### What this task involves
Your copy must start with the line containing "It’s sneezy season" and end with the last line of the entries, matching them exactly and leaving out every picture.

### Supplied data

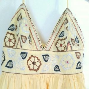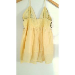 This pretty yellow handstiched embroidered top makes this the perfrct addition to brighten up your summer wardrobe. Just the right amount of color to pair perfectly with cutoffs, jeans or skirts. Add a pair of your favorite sandals and shorts and you’re ready to go! In like new condition.
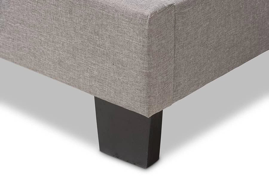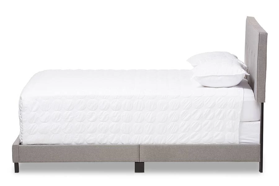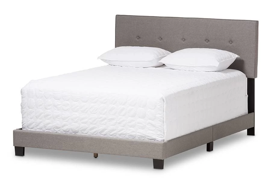 Complete your with the Hampton fabric upholstered bed. Featuring modern design with button-tufted headboard for a touch of traditional charm and detailed piping for a sophisticated finish look, the Hampton is constructed of solid rubber wood legs and engineered wood. The solid wood legs in black will keep it sturdy and reliable for years to come. Light grey upholstery adds a gentle finishing touch over the padded bed frame. Low footboard and the matching rail creates an airy feel to a small room setting. A standard US size box spring and mattress will complete the Hampton full-sized bed for an elevated bed height and a good night sleep. Made in Malaysia, the Hampton requires assembly.
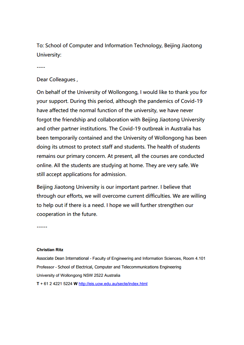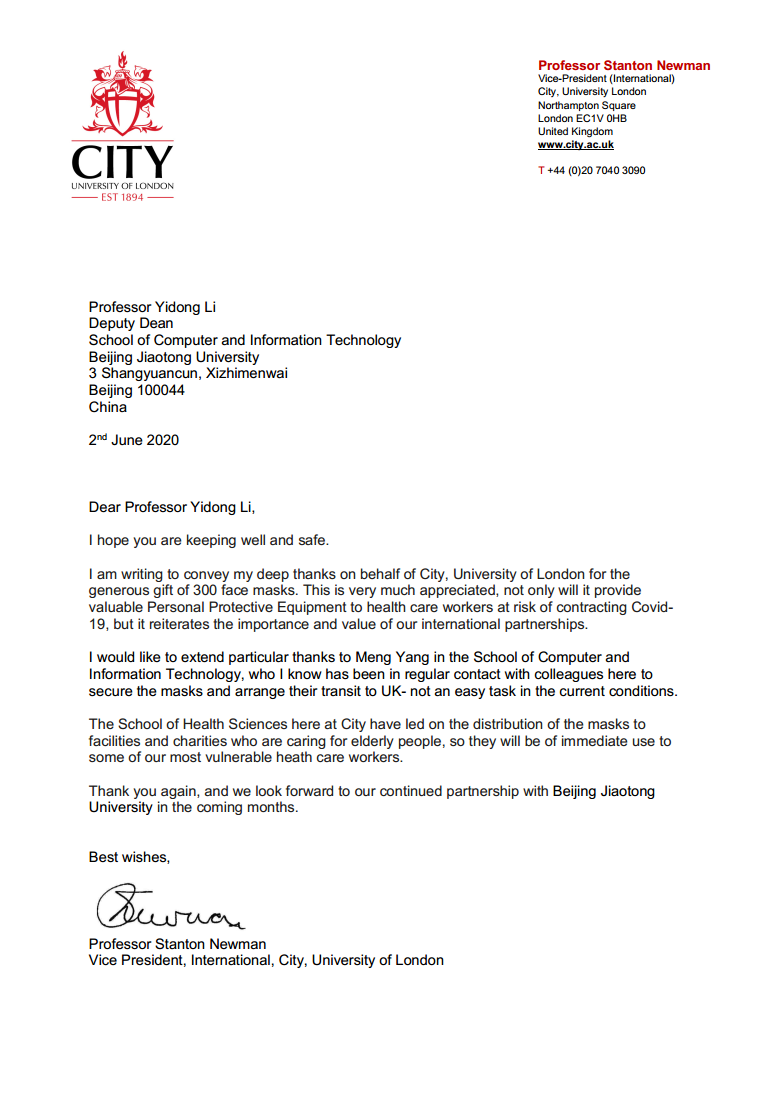 伍伦贡大学电子,计算机与电信工程学院副院长Christian Ritz教授在信中写到,“我代表伍伦贡大学,感谢您的支持。这段时间,尽管新冠肺炎已经影响了九游体育的基本运转功能,但我们从未忘记和九游体育官方网站的友谊和合作”,“九游体育官方网站是我们的重要合作伙伴。我相信我们可以共渡难关,如果贵校需要任何帮助,我们一定伸出援手。我希望在未来进一步加强双方合作”。伦敦城市大学副校长Stanton Newman教授在信中写到,“我代表伦敦城市大学向您表示深深的感谢,您慷慨捐赠的口罩不仅向奋战在抗击新冠肺炎一线的工作人员提供了宝贵的个人防护物资,更是重申了我们国际合作关系的重要性和价值”,“我想特别感谢九游体育官方网站的杨萌女士,她和我的同事们多次沟通,最终将口罩顺利寄到了英国,在目前的情况下这不是一件容易的事”。
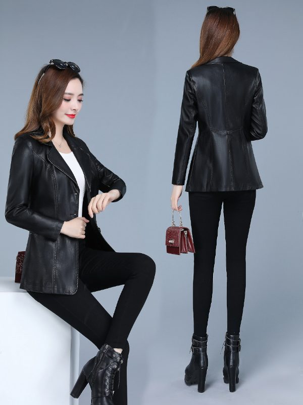 معطف جلدي نسائي ضيق من البولي يوريثان
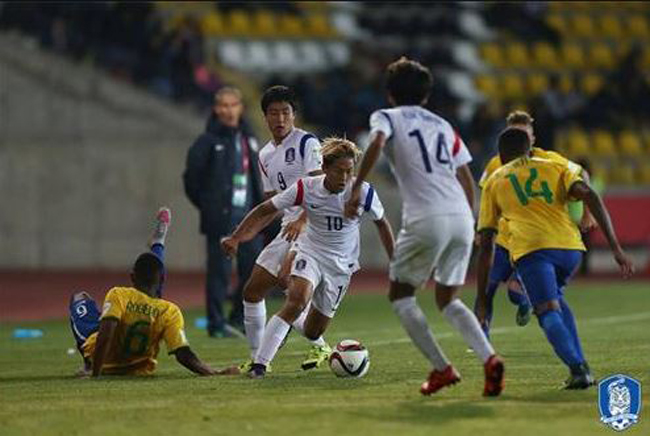2015년 FIFA(국제축구연맹) 17세 이하 월드컵 개최국 칠레 언론이 한국의 브라질전 승리를 비중 있게 보도했다. 한국은 18일(이하 한국 시간) 칠레 코킴보 시립 경기장에서 열린 17세 이하 월드컵 조별리그 B조 1차전에서 후반 34분 장재원(현대고)의 결승골로 브라질을 1-0으로 꺾었다. 승점 3의 한국은 1-1로 비긴 잉글랜드와 기니(이상 승점 1)를 제치고 조 1위에 올랐다.
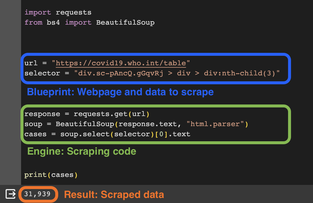 This two-phase process - blueprint and engine - is a typical framework in most data scraping techniques, regardless if they require coding knowledge or not. Simply put, the blue section is your 'What' (What data to scrape?) and the green section is your 'How' (How to get it?).
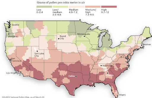 It’s sneezy season |  National Pollen Map as of March 20th, 2025; Image: The National Phenology Network | It’s time to stock up on Claritin and Flonaze: allergy season is here and getting longer and more intense in many parts of the country, according to the National Phenology Network, which uses the First Leaf and First Bloom Indices to track the official start of the season each year. The First Leaf index is based on the leaf out of lilacs and honeysuckles, which are among the first plants to show their leaves in the spring; the First Bloom coincides with the actual blooming of the flowers on those same plants. Per the indices: - Spring arrived over a week ahead of schedule in the mid-Atlantic and Northeast, and two weeks earlier than usual in several Midwestern states.
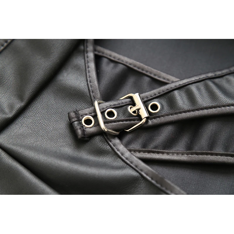 Черные кожаные трусики, сексуальное нижнее белье, мини-юбка, фетиш,...
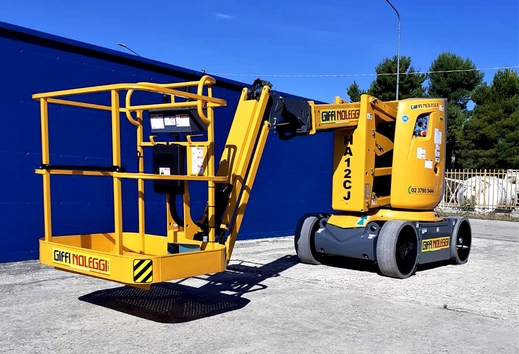 Clicca quiSemovente elettrica Haulotte Star 10. Ottima per lavori con spazio ridotto grazie allo stretto raggio di sterzata con il jib positivo/negativo.
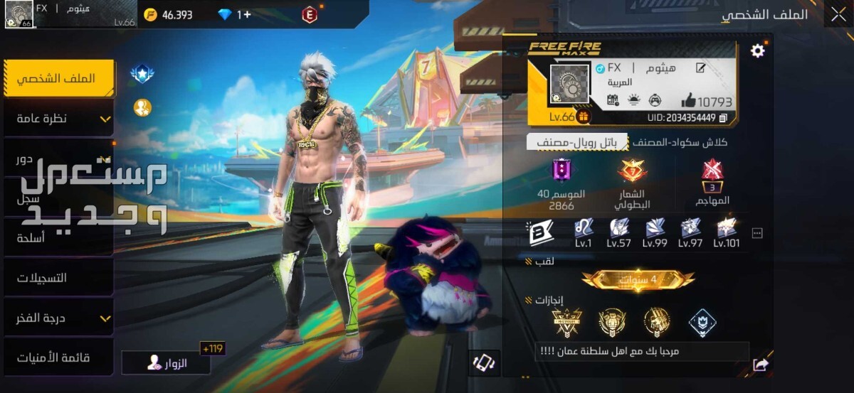 حساب فري فاير للبيع في جعلان بني بو حسن بسعر 45 ريال عماني

### Answer to this exercise
 It’s sneezy season |  National Pollen Map as of March 20th, 2025; Image: The National Phenology Network | It’s time to stock up on Claritin and Flonaze: allergy season is here and getting longer and more intense in many parts of the country, according to the National Phenology Network, which uses the First Leaf and First Bloom Indices to track the official start of the season each year. The First Leaf index is based on the leaf out of lilacs and honeysuckles, which are among the first plants to show their leaves in the spring; the First Bloom coincides with the actual blooming of the flowers on those same plants. Per the indices: - Spring arrived over a week ahead of schedule in the mid-Atlantic and Northeast, and two weeks earlier than usual in several Midwestern states.
 Черные кожаные трусики, сексуальное нижнее белье, мини-юбка, фетиш,...
 Clicca quiSemovente elettrica Haulotte Star 10. Ottima per lavori con spazio ridotto grazie allo stretto raggio di sterzata con il jib positivo/negativo.
 حساب فري فاير للبيع في جعلان بني بو حسن بسعر 45 ريال عماني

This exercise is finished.